I find the storytelling a bit slow for my liking no matter how likable the characters are. I wished it was a bit shorter because it’s basically repeating itself midway through the story. It’s also a bit disconcerting reading about the characters’ feeling towards each other. Like, who will end up with whom. Of course, they’re still young but I got prickly about the whole “who’s doing who” business. I got alarmed when Neko started doing “it” with Ayumu but finally knowing their history in the past – I somehow see the connection they had. I was a bit mad though about the “I’m not gay” declaration by Hariku. I though it was clearly alluded from the start that he will reciprocate Ayumu’s feelings but dear lawd! No! It was pretty annoying to be honest. Of course not everyone in the genre can be gay but I wished Ayumu got a happy-ending of some sort for himself.

The “Mr. Mallory” angle was a bit predictable but I loved that the author made his character very much interesting and given how the story ended, I would expect a second book in the future and I do have this niggling feeling that Ayumu and Mallory will be more than friends in the future. He’s older like 10 years or so than Ayumu right? I’d say that’s totally fine!

I don’t really know the culture in Japan especially in the secluded areas there so I’m kind of on the fence about how receptive the people are about same sex relationship. I mean it’s great and all but it’s not very realistic at all. Still, I loved how the author focuses on narrowing each character’s feelings towards each other and their plans for the future.

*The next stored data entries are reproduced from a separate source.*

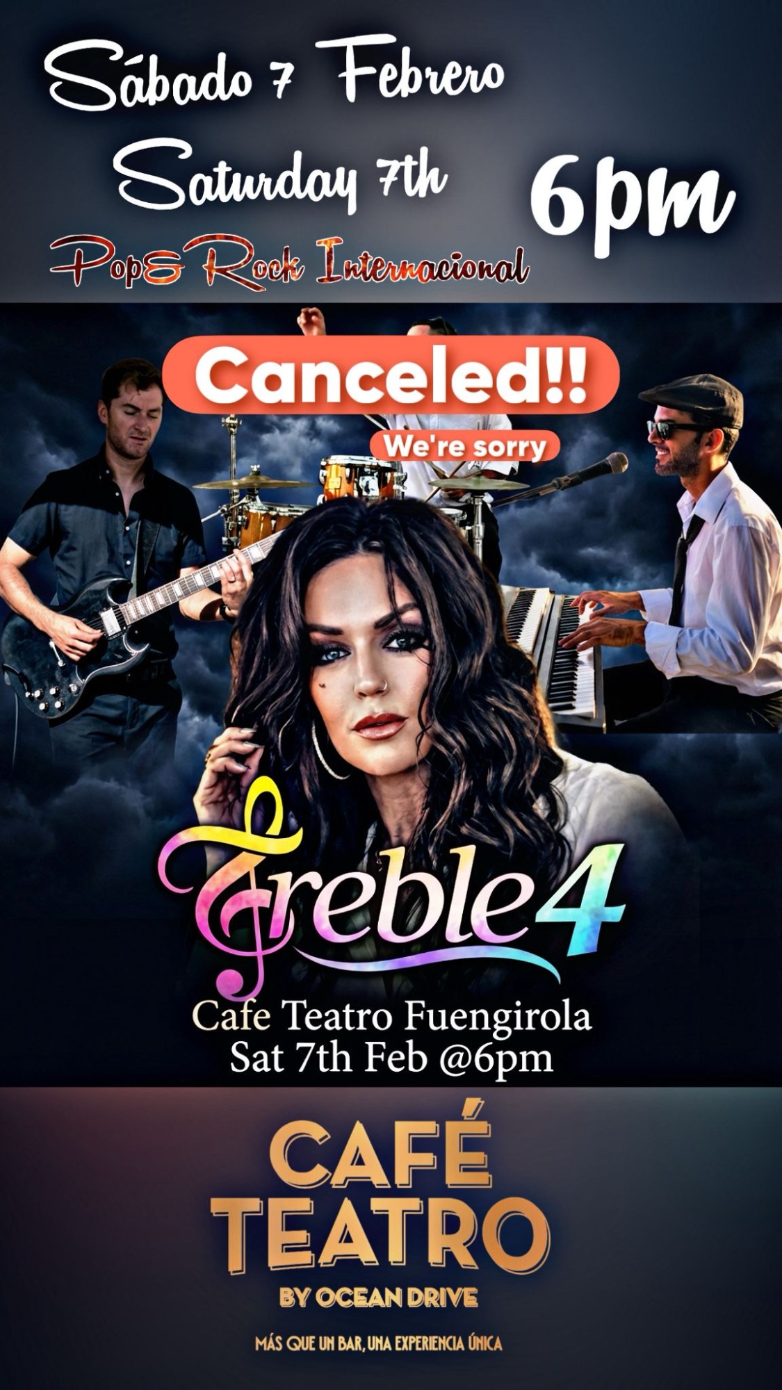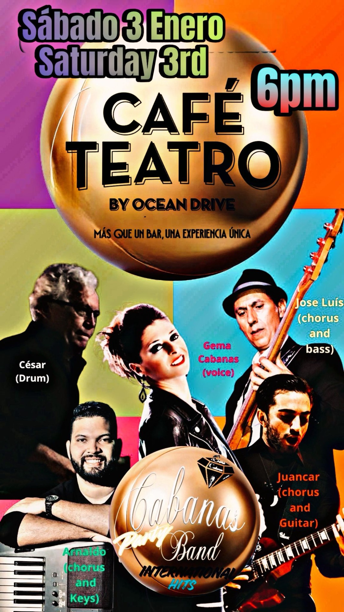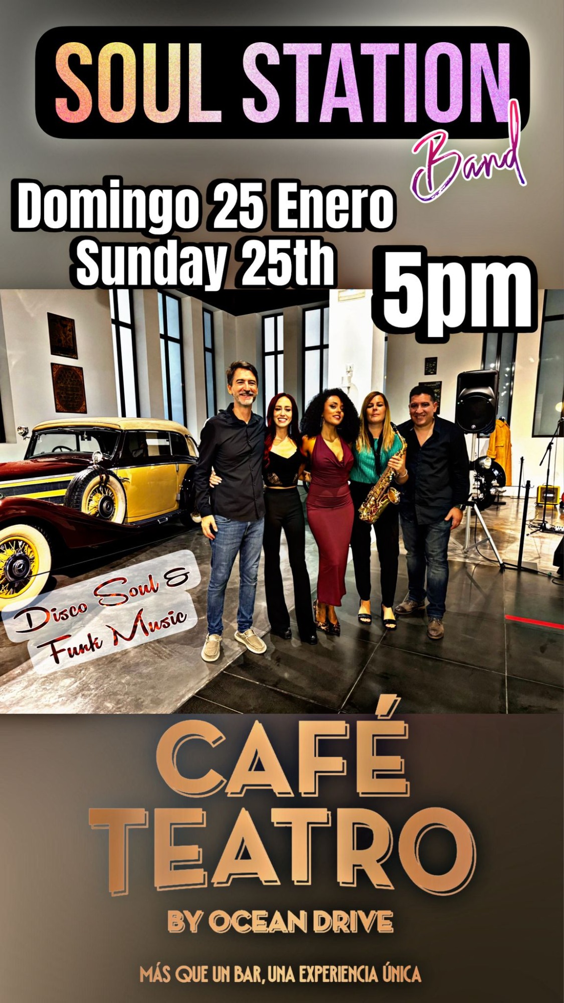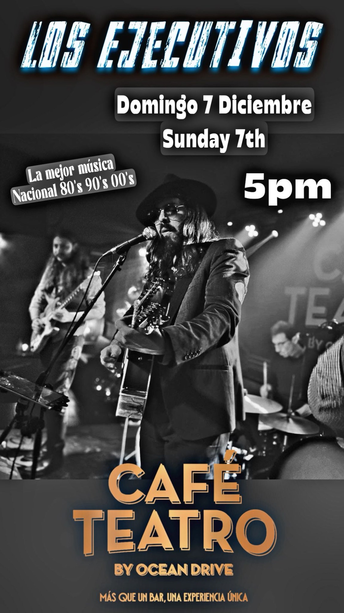 Fantástica banda malagueña con versiones de la mejor música internacional para una gran tarde noche de domingo.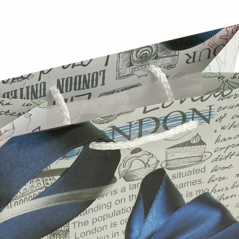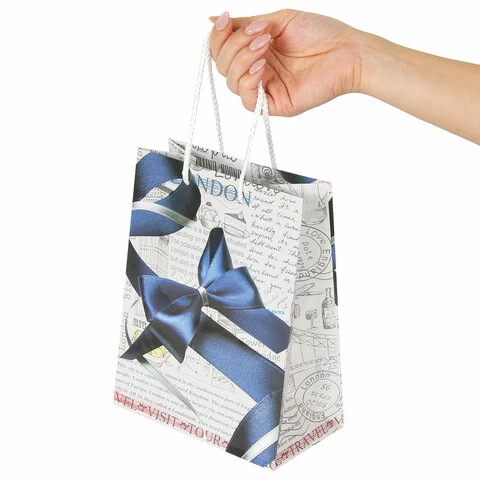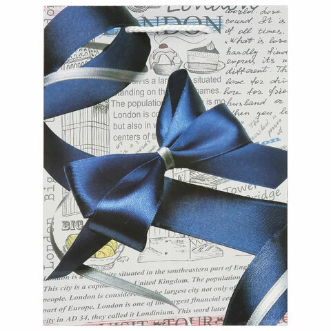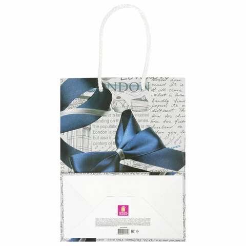 Изготовлен из ламинированной мелованной бумаги с веревочными ручками из полипропилена. Размер 17,8x9,8x22,9 см. Пакет выполнен в белых и серых тонах с изображением синего банта.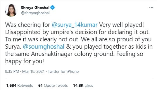 बॉलीवुड सिंगर श्रेया घोषाल ने लिखा- सूर्यकुमार यादव के लिए चियर कर रही थी. बहुत शानदार खेला. आपको आउट देने के अंपायर के फैसले से निराशा. मेरे लिए यह साफ-साफ नॉटआउट था. हम सबको आप पर गर्व है सूर्या. सौम्यदीप घोषाल और आप अनुशक्तिनगरकॉलोनी के मैदान में बच्चों के रूप में एक साथ खेले. तुम्हारे लिए बहुत खुश हूं.
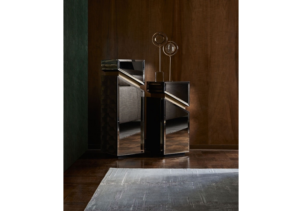 Cyrano conçue par Castello Lagravinese Studio pour Opera Contemporary est une colonne entièrement recouverte d'un miroir bronzé avec une bande métallique. Disponible en 2 dimensions.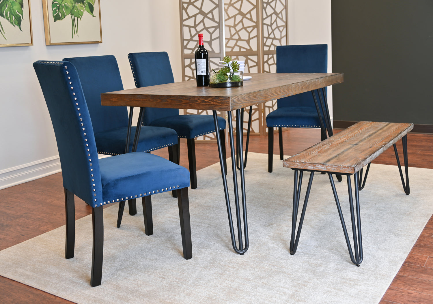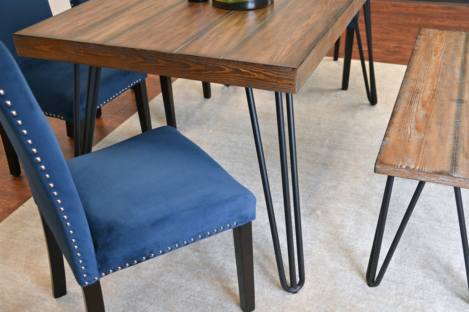 - CARACTERÍSTICAS DESTACADAS: La mesa de comedor presenta un diseño de horquilla metálica que le aporta estabilidad y estilo. Tiene un acabado rústico de pino oscuro y una textura de veta de madera natural, lo que le da un aspecto elegante. Las sillas presentan detalles de tachuelas cromadas que crean un llamativo contraste con la tapicería de terciopelo, realzando su atractivo visual.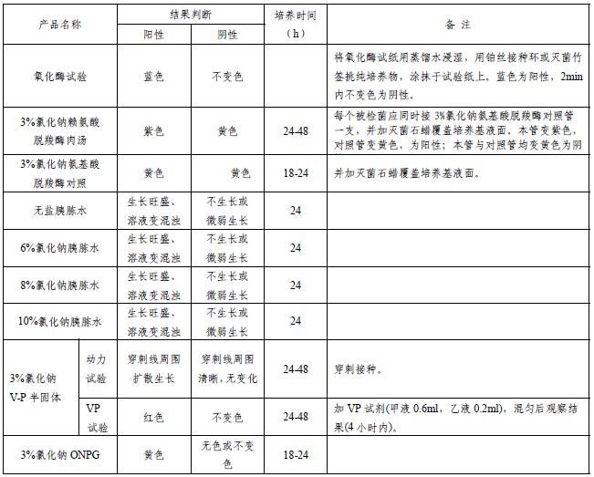 氧化酶试验、3%氯化钠赖氨酸脱羧酶、3%氯化钠氨基酸脱羧酶对照、盐胰胨水、6%氯化钠胰胨水、8%氯化钠胰胨水、10%氯化钠胰胨水、3%氯化钠V-P半固体、3%氯化钠ONPG。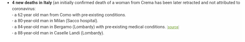 Så det blir vel litt korigering senere. Men de samlete tall ser nå bedre ut selv om de er mere spredt. Karantene i Italia. Det er store tall i forhold til smittede der Men ser det er mange mellom 80 og 90 år.Samtidig er det vist en cancerklinikk som er en fellesnevner for mange tilfeller der.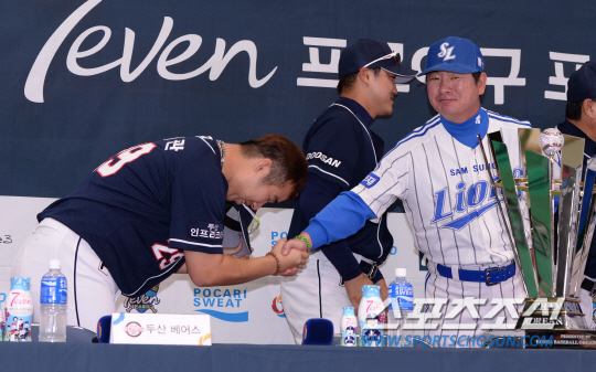 23일 오후 대구 시민체육관에서 삼성과 두산이 격돌하는 2013 프로야구 한국시리즈 미디어데이가 열렸다. 미디어데이에는 한국시리즈에 직행한 삼성의 류중일 감독과 배영수, 최형우, 준플레이오프와 플레이오프를 거친 두산 김진욱 감독, 유희관, 홍성흔 등이 참석해 공식기자회견과 포토타임을 가졌다. 미디어데이가 끝난 후 두산 유희관(왼쪽)과 삼성 류중일 감독이 악수를 나누고 있다. 대구= 김경민 기자 kyungmin@sportschosun.com / 2013.10.23.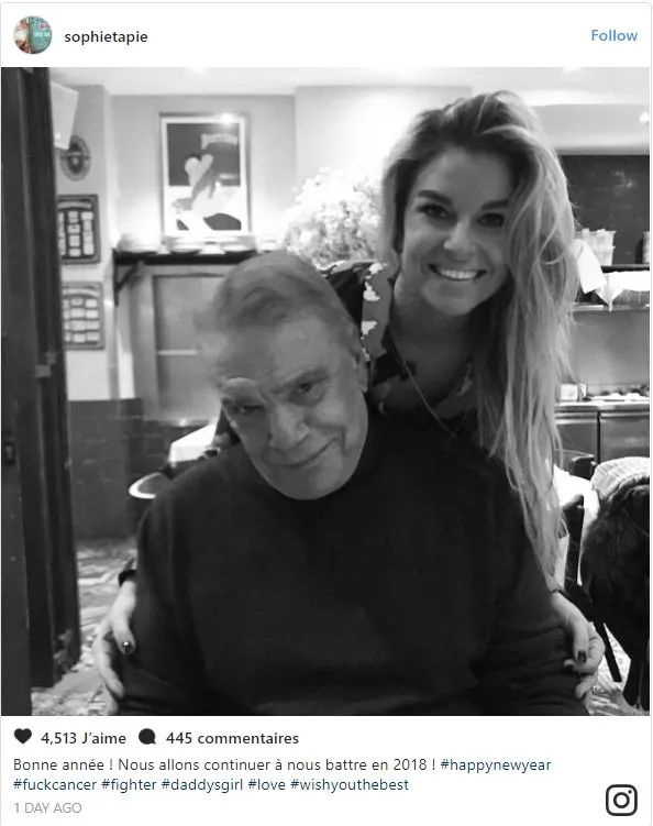 Sophie Tapie a publié un portrait d'elle accompagnée de son père sur Instagram. Sa fille l'enlace sur le cliché et affirme en légende qu'ils vont "continuer à se battre pour 2018". Un message complété des hashtags "bonne année", "cancer, on t'emm****" et "battant".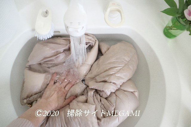 ダウンのロングジャケットの場合は、大きすぎて「洗面台や桶」で洗えませんよね。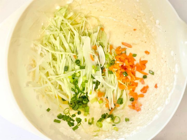 3. キャベツ、青ねぎ、紅しょうがを加えて混ぜます。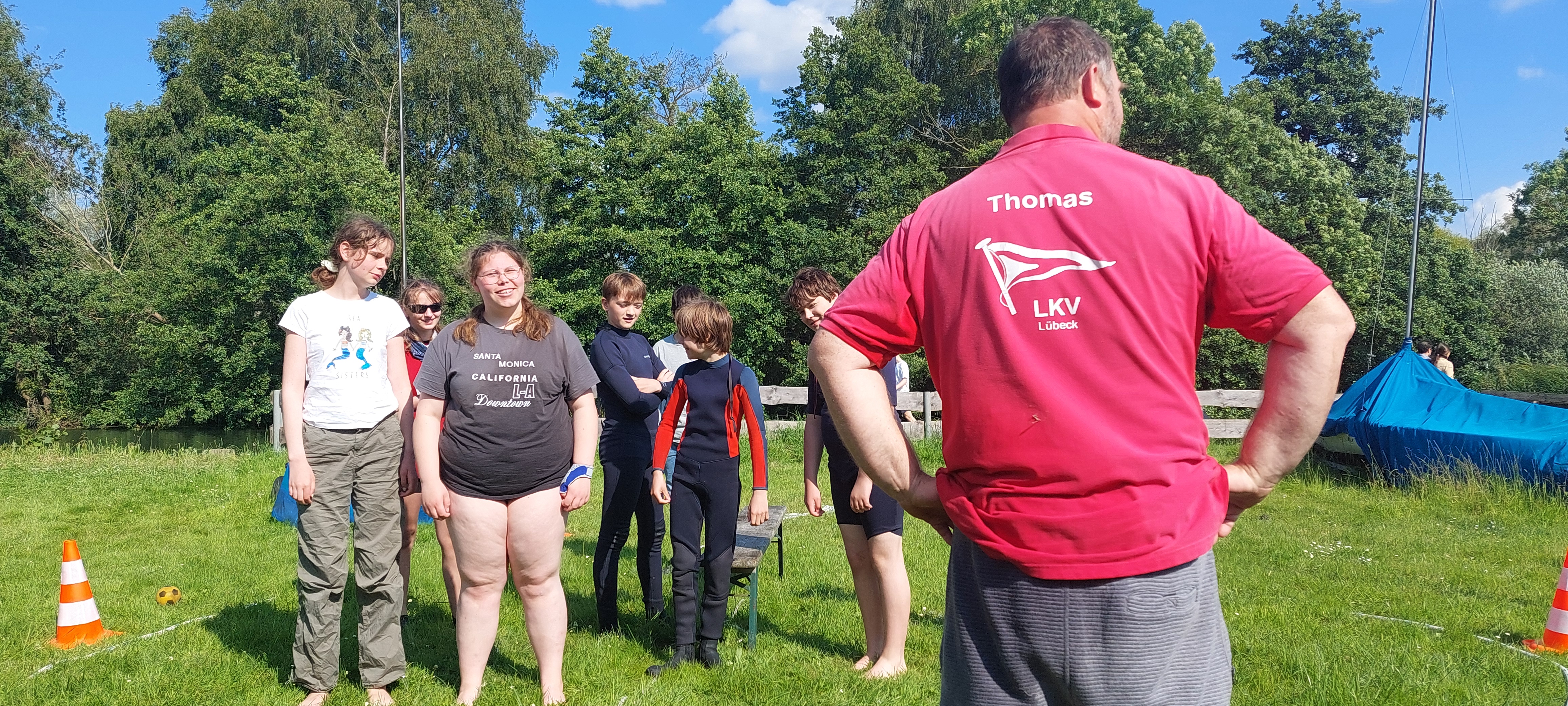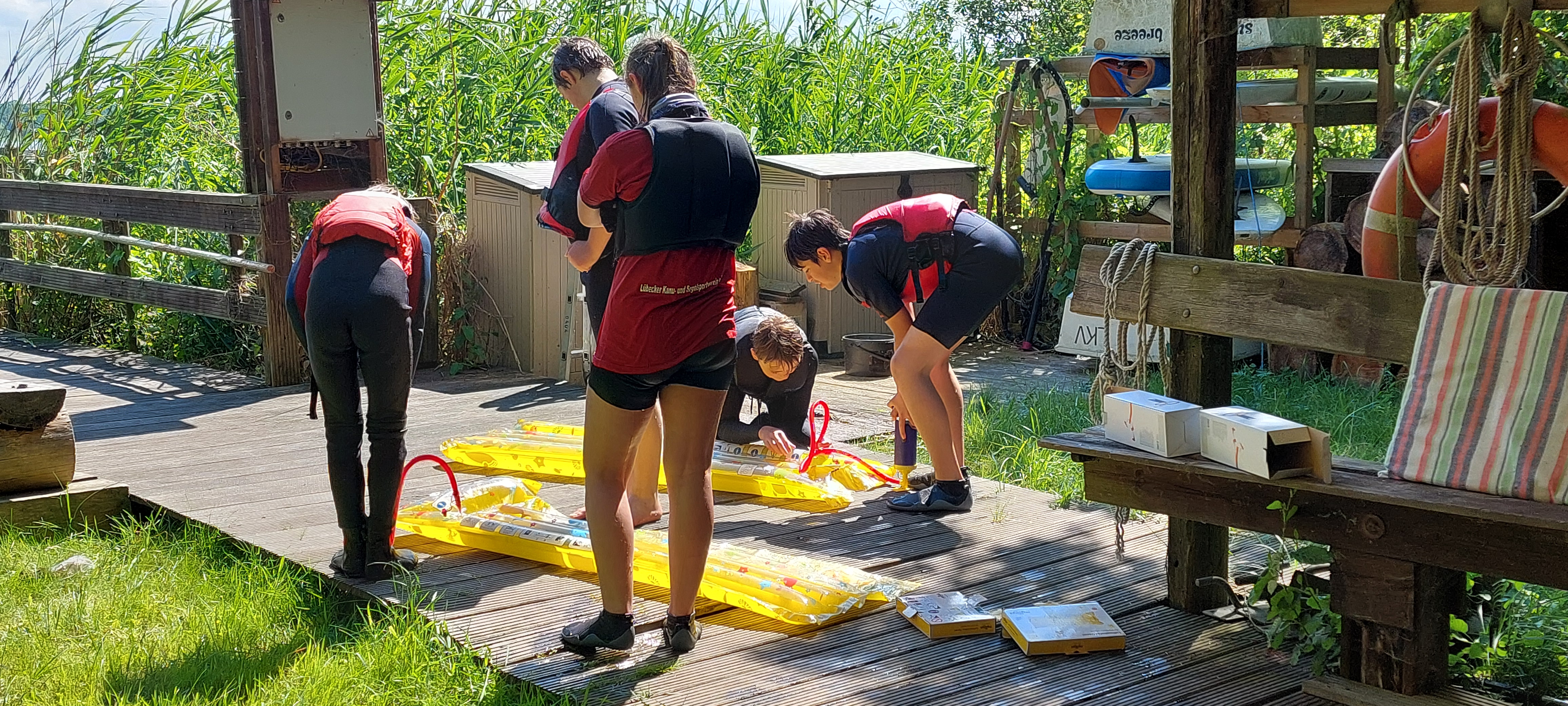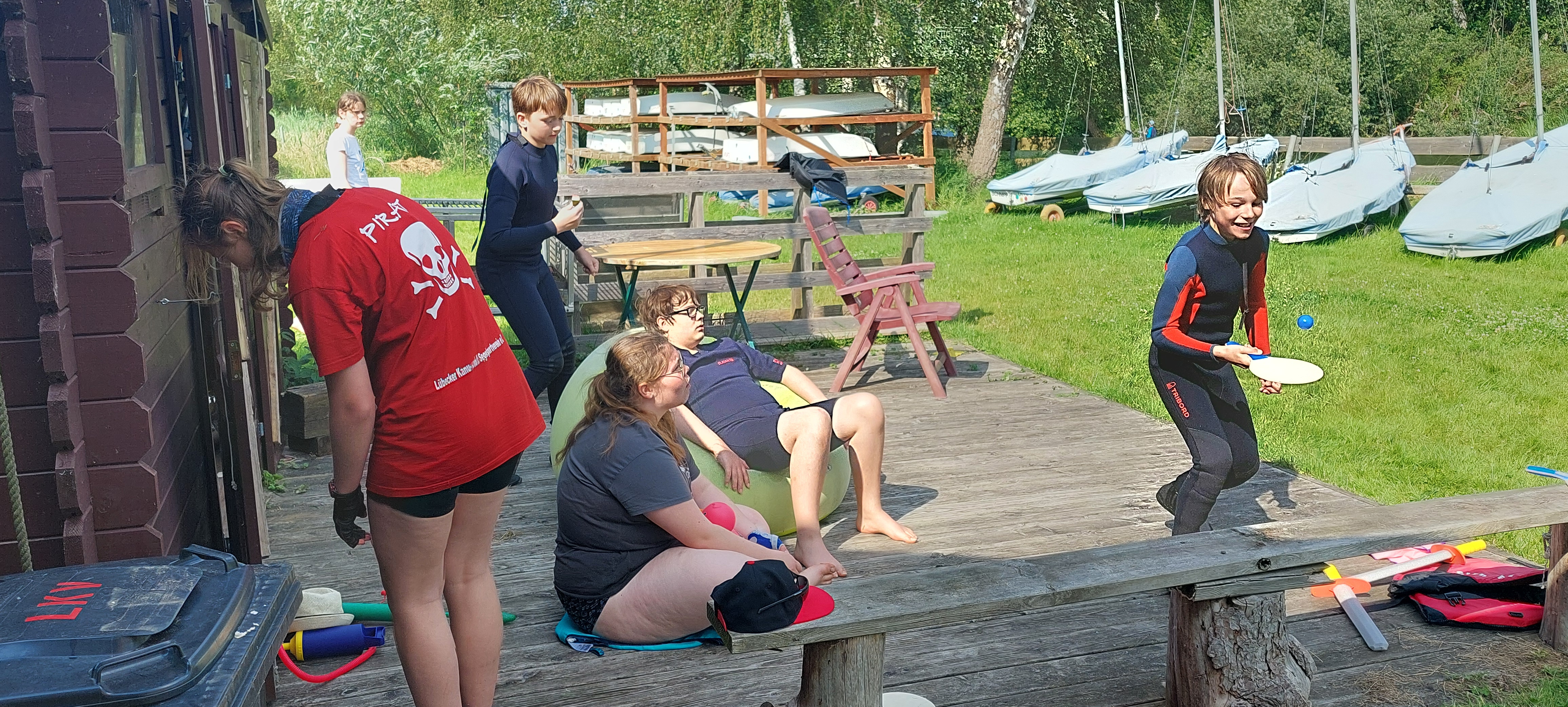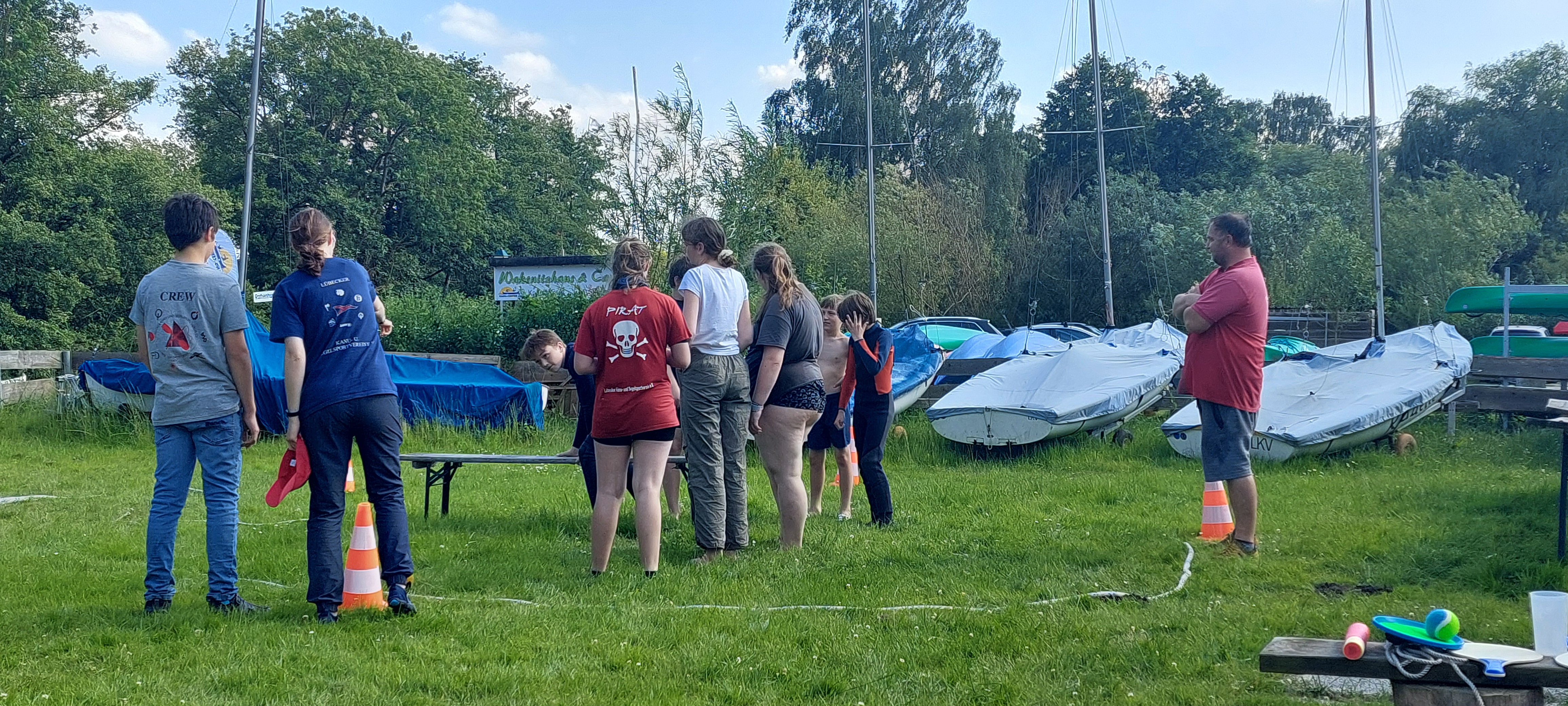 Und das Fazit daraus? Dann nutzen wir die Zeit halt mit noch mehr Spaß und Spiel rund um das Wasser. Mit dem Wetter hatten wir dann auch noch Glück - passend zum Start um 12 Uhr waren Regen und Wolken verzogen und stahlendstem Sonnenschein gewichen. Also war es warm genug für ausgiebige Aktionen in der Wakenitz, dem Ratzeburger See und an Land auf der Jollenwiese am Wakenitzhaus.

I’d really like to read a second book related to this one because it just felt unfinished. August Li surely knows how to write some really good premise but sometimes, I’m missing his point with some of the scenes which felt contrived at times. Overall though, I’m giving this book a four-star rating because despite my dislike with some of the characters development, I still think that it’s a solid book that represents the youth challenging them to be free about choices and believing in their ability and basically just being a decent human being.

Rating: 4 out of 5 stars

Published July 16th 2015 by Harmony Ink Press (first published May 21st 2015)

About The Author
August (Gus) Li is a creator of fantasy worlds. When not writing, he enjoys drawing, illustration, costuming and cosplay, and making things in general. He lives near Philadelphia with two cats and too many ball-jointed dolls. He loves to travel and is trying to see as much of the world as possible. Other hobbies include reading (of course), tattoos, and playing video games.